Brandon Sanderson has built one of the most commercially successful careers in modern fantasy without leaning on two of the genre’s most familiar staples: elves and dwarves. In comments preserved on his official FAQ and in fan-archived event transcripts, Sanderson has made clear that the choice is deliberate. Rather than revisit fantasy races that he believes have already been explored in depth for decades, the bestselling author says he prefers to create new cultures, magic systems, and worldbuilding frameworks that better serve the stories he wants to tell.
That explanation matters because Sanderson’s work now sits at the center of the US fantasy market.

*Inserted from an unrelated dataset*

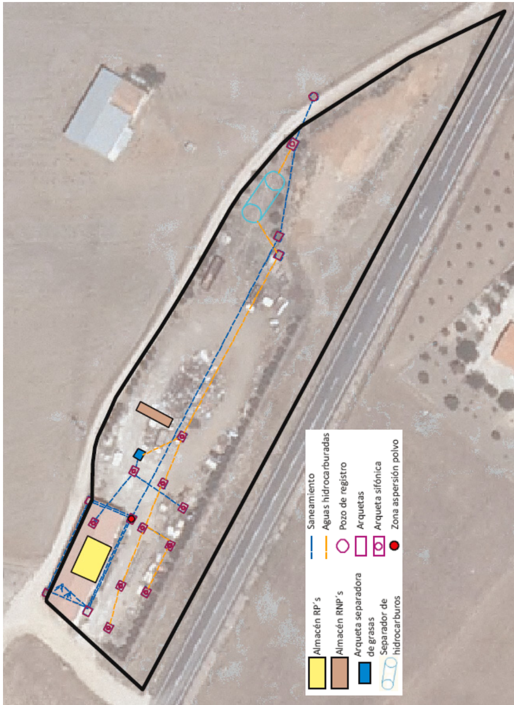
Figura 2. Plano en planta de la instalación industrial. Redes de saneamiento y almacenamiento de residuos generados.

His Cosmere novels, the Mistborn books, and The Stormlight Archive have helped define a generation of epic fantasy readers. His comments also speak to a broader industry debate: whether fantasy is strongest when it returns to classic Tolkien-inspired traditions, or when it reinvents them for a new era.

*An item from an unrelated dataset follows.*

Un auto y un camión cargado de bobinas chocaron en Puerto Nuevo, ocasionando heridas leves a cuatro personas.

Sanderson’s clearest public explanation appears in an official FAQ entry on his website, where he addresses why he does not use “the classic races like elves and orcs and so on.” There, he says he has “no interest” in writing about elves or dwarves because those ideas have already been explored extensively over the last four decades. He frames the decision not as a rejection of earlier fantasy writers, but as a creative judgment about what kind of story feels freshest to him as both a writer and a reader.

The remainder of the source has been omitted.